Vibration monitoring in sliding wear of plasma sprayed ceramics

Abstract

Dry frictional contact between two surfaces, one made of plasma sprayed ceramic coatings of Al 2O 3 and Al 2O 3TiO 2 combination and the other made of steel, is analyzed. The experiments were conducted using a pin-on-disc set-up in the load range of 5–35 N and for sliding distances up to 14 km. The interactions between friction, wear and vibrations due to influence of normal load, sliding speed and system dynamics are investigated in the present paper. Two vibration parameters of pin in the load direction (vertical) are monitored, namely the r.m.s. acceleration and the kurtosis, which seem to be influenced considerably by the wear process and indicate correlation with wear mechanisms taking place such as stick-slip and grain pull-out, as evidenced by scanning electron microscopy of worn surfaces.

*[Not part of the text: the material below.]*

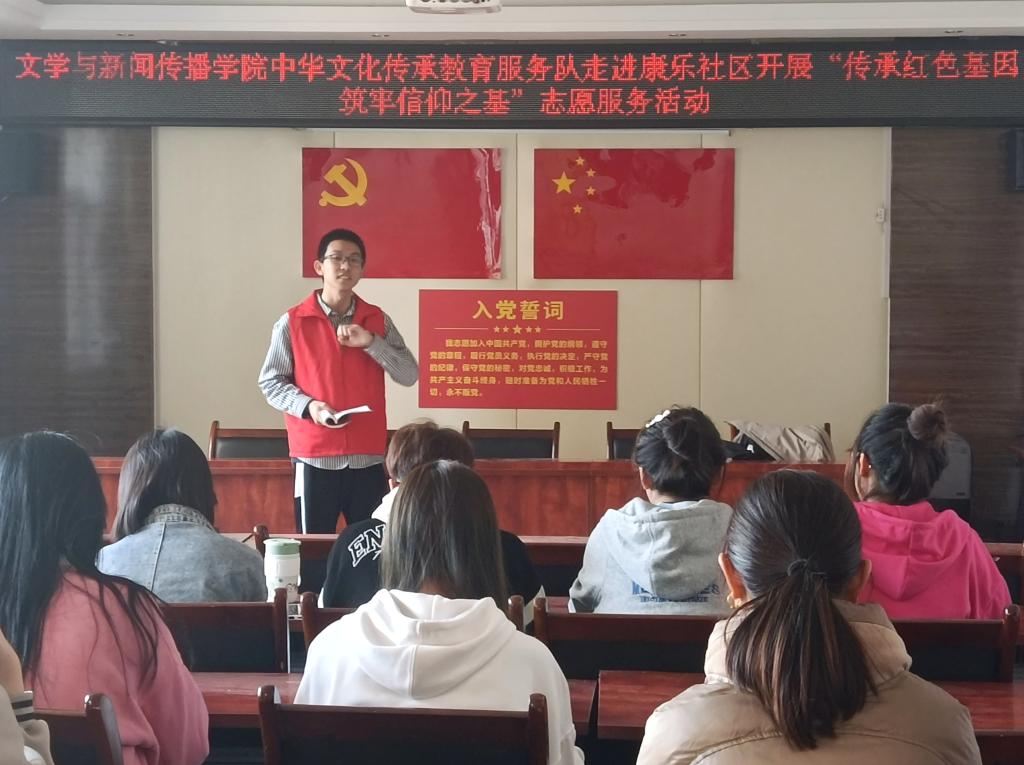 为了传承红色基因,弘扬革命精神,3月19日,文学与新闻传播学院中华文化传承教育服务队走进康乐社区开展“传承红色基因,筑牢信仰之基”志愿服务活动。

The study shows that a range of frequency is to be utilized for vibration monitoring to include natural frequencis of the system consisting of pin in contact with disc. This could be estimated by a standard impulse hammer test. The pin acceleration decreases with increase in load and sliding distance, but with respect to sliding speed, the vibration level intially decreases but increases beyond the sliding speed of 1.5 m s −1. Among the three ceramic coatings, TiO 2 is found to be most wear resistant, exhibiting the lowest friction coefficient and a low vibration level. Variation in kurtosis with run-in wear indicates smoothing of Al 2O 3 due to grain pull out.